### The task
Retype the entries, please, from their first line to the line containing "Move in ready", exactly and only those lines, minus the pictures.

Excerpts from a dataset
========

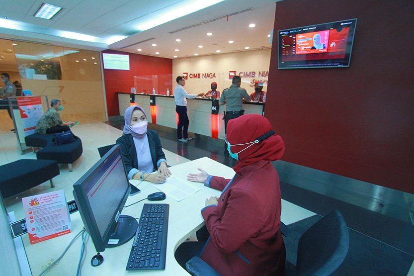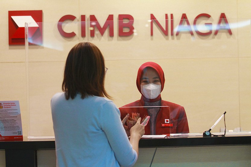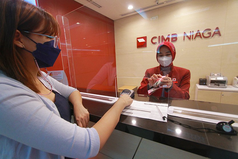 SinarHarapan.id – Nasabah melakukan transaksi di Kantor Cabang CIMB Niaga di Jakarta, Kamis (23/2/2023). CIMB Niaga mencatatkan perolehan laba sebelum pajak konsolidasi (audited) sebesar Rp6,6 triliun pada tahun 2022. Angka ini naik sebesar 26,7% yoy. Jumlah kredit/pembiayaan juga meningkat 9,4% yoy menjadi Rp199 triliun (termasuk pembiayaan Salam). Peningkatan kinerja didukung inovasi produk dan layanan perbankan yang komprehensif untuk memberikan pengalaman serta kenyamanan transaksi terbaik bagi nasabah. Foto: SHID/Ruht Semiono
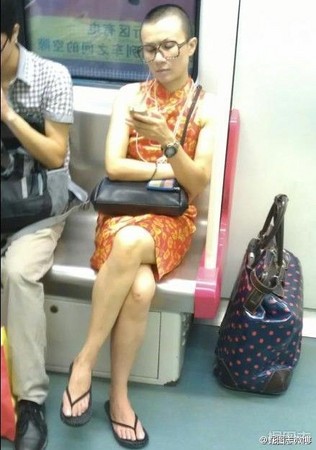 “女版文章”穿旗袍搭乘臺(tái)灣捷運(yùn)。(圖片來自網(wǎng)絡(luò))
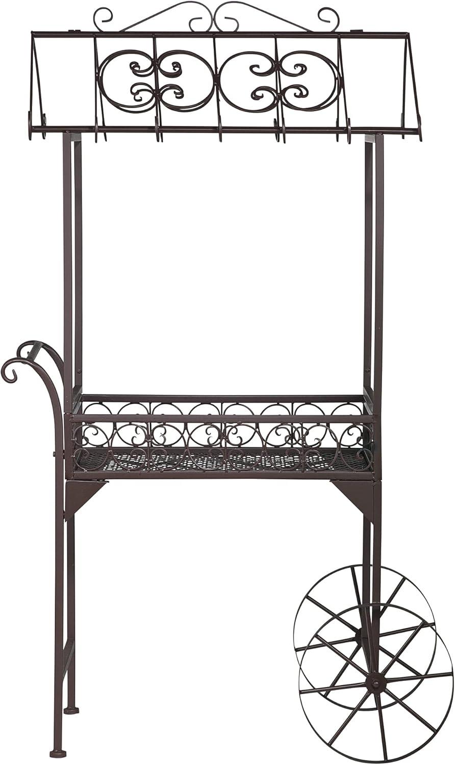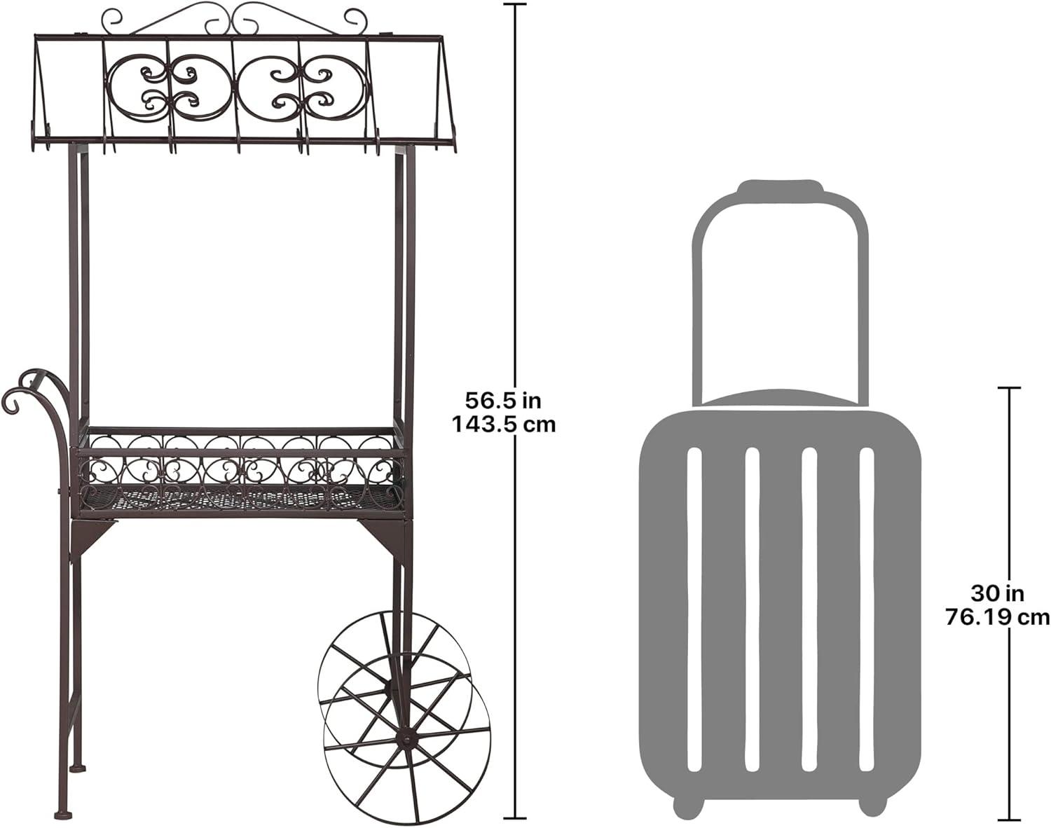 Whether you use this French style pushcart in your garden in the tradition of Parisian flower peddlers or employ it for serving refreshments on porch, patio or deck, you're sure to swoon at its whimsical style! Boasting heavy Gauge metal Construction with moveable wheels for easy repositioning, this Design Toscano adorable work of furniture art features curved rafters & a Diamond patterned base with a durable, weather-resistant finish. Standing almost five' Tall, this statementpiece has a most romantic accent whether filled with potted posies, afternoon lemonade or early evening's cocktails! Simple assembly required. 28″Wx16″dx56½ “H. 25 lbs.
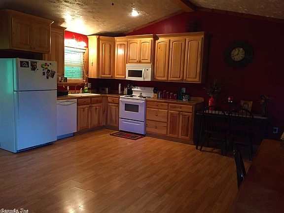 Move in ready 1BR/1BA home on 1.5 acres perfect for a first time homebuyer! The kitchen is very large with tall vaulted ceilings. Living room features rustic hardwood on the walls and a tin metal ceiling. The large bedroom has a custom sliding barn door and has a large walk in closet. Fish from your back covered deck that is just feet from the stocked pond! There is a detached lofted storage building also included on the property. Call to take a look!
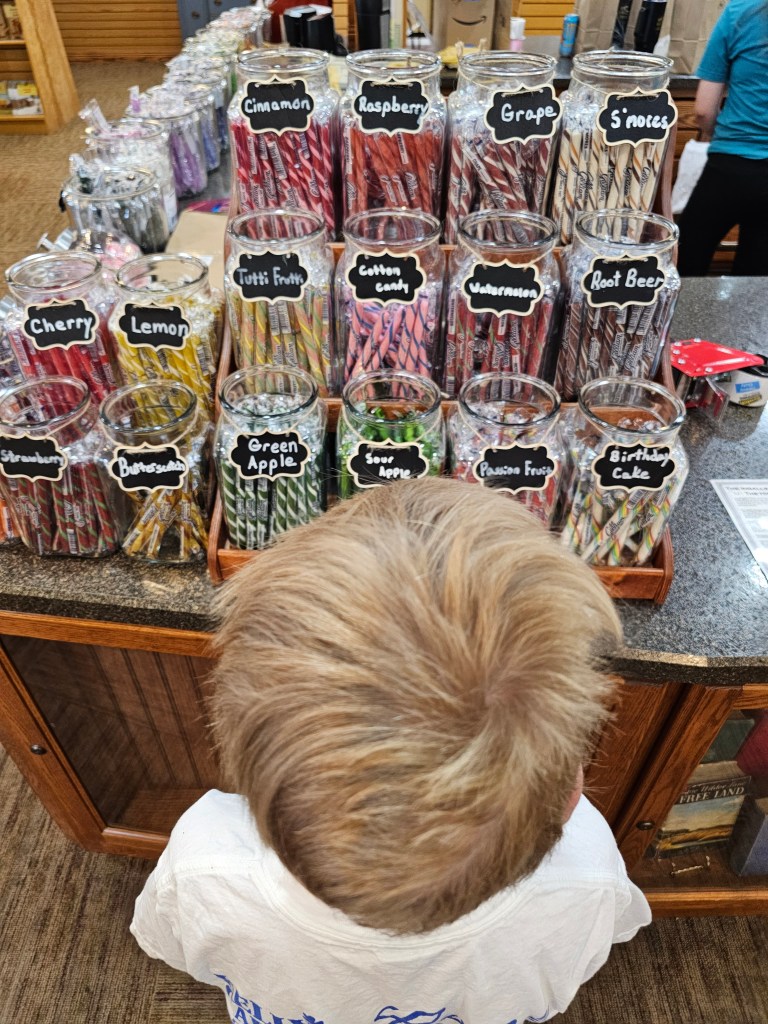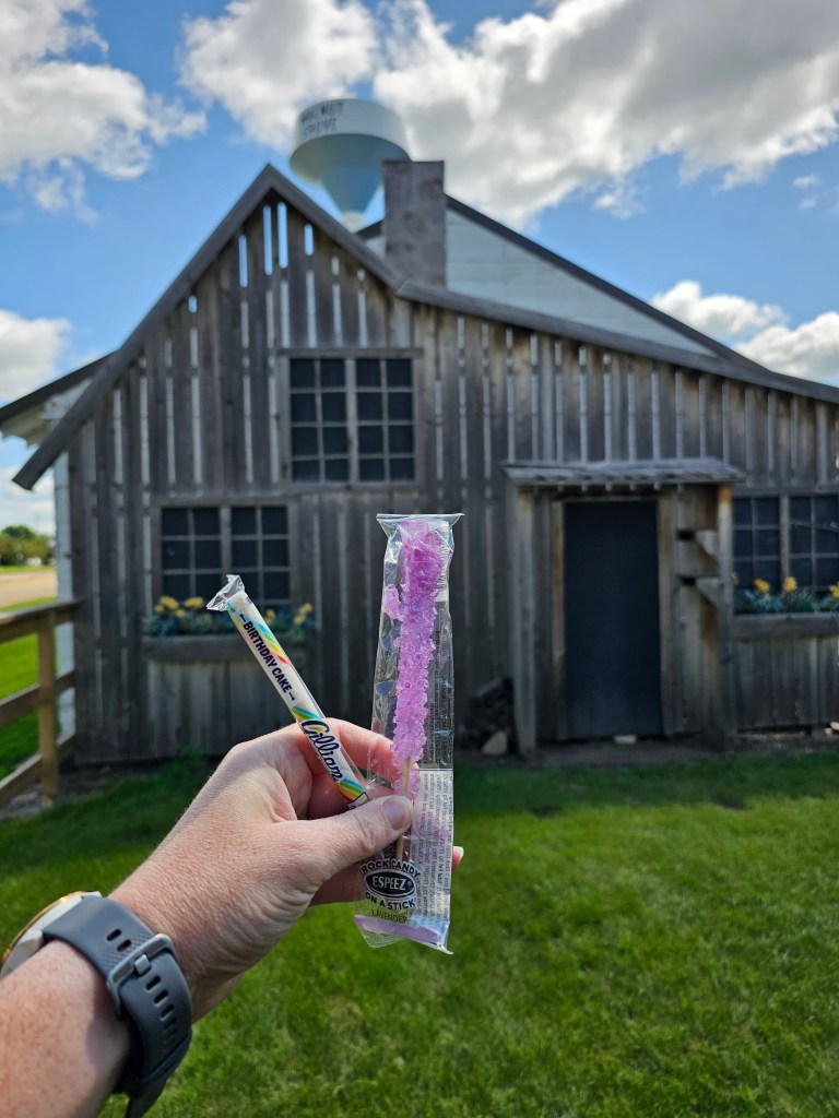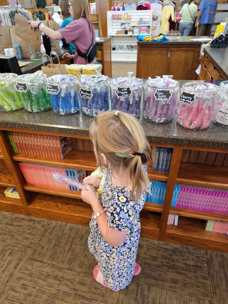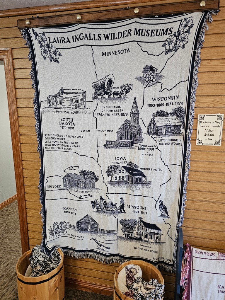 Walking up to the Laura Ingalls Wilder Museum, it’s engaging right from the start with a covered wagon that you can climb in and with cut-outs of people for pictures. The first stop in the museum is the gift shop and where you purchase your admission. Whether you stop to look in the gift shop before or after your self-guided tour, it’s worth the time! A wide variety of things are available for purchase from the book series to bonnets and dresses to souvenirs such as cups, mugs, and blankets. We bought a hand-quilted piece to use as an ornament on our Christmas tree to remember our time at the museum. Our kids loved seeing the pencils (made out of bark), games that kids might have played with in that time frame (think jacks and ball in cup), and the candy they talk about in the books. Each kid bought their own rock candy to enjoy.

========

### Expected output
 SinarHarapan.id – Nasabah melakukan transaksi di Kantor Cabang CIMB Niaga di Jakarta, Kamis (23/2/2023). CIMB Niaga mencatatkan perolehan laba sebelum pajak konsolidasi (audited) sebesar Rp6,6 triliun pada tahun 2022. Angka ini naik sebesar 26,7% yoy. Jumlah kredit/pembiayaan juga meningkat 9,4% yoy menjadi Rp199 triliun (termasuk pembiayaan Salam). Peningkatan kinerja didukung inovasi produk dan layanan perbankan yang komprehensif untuk memberikan pengalaman serta kenyamanan transaksi terbaik bagi nasabah. Foto: SHID/Ruht Semiono
 “女版文章”穿旗袍搭乘臺(tái)灣捷運(yùn)。(圖片來自網(wǎng)絡(luò))
 Whether you use this French style pushcart in your garden in the tradition of Parisian flower peddlers or employ it for serving refreshments on porch, patio or deck, you're sure to swoon at its whimsical style! Boasting heavy Gauge metal Construction with moveable wheels for easy repositioning, this Design Toscano adorable work of furniture art features curved rafters & a Diamond patterned base with a durable, weather-resistant finish. Standing almost five' Tall, this statementpiece has a most romantic accent whether filled with potted posies, afternoon lemonade or early evening's cocktails! Simple assembly required. 28″Wx16″dx56½ “H. 25 lbs.
 Move in ready 1BR/1BA home on 1.5 acres perfect for a first time homebuyer! The kitchen is very large with tall vaulted ceilings. Living room features rustic hardwood on the walls and a tin metal ceiling. The large bedroom has a custom sliding barn door and has a large walk in closet. Fish from your back covered deck that is just feet from the stocked pond! There is a detached lofted storage building also included on the property. Call to take a look!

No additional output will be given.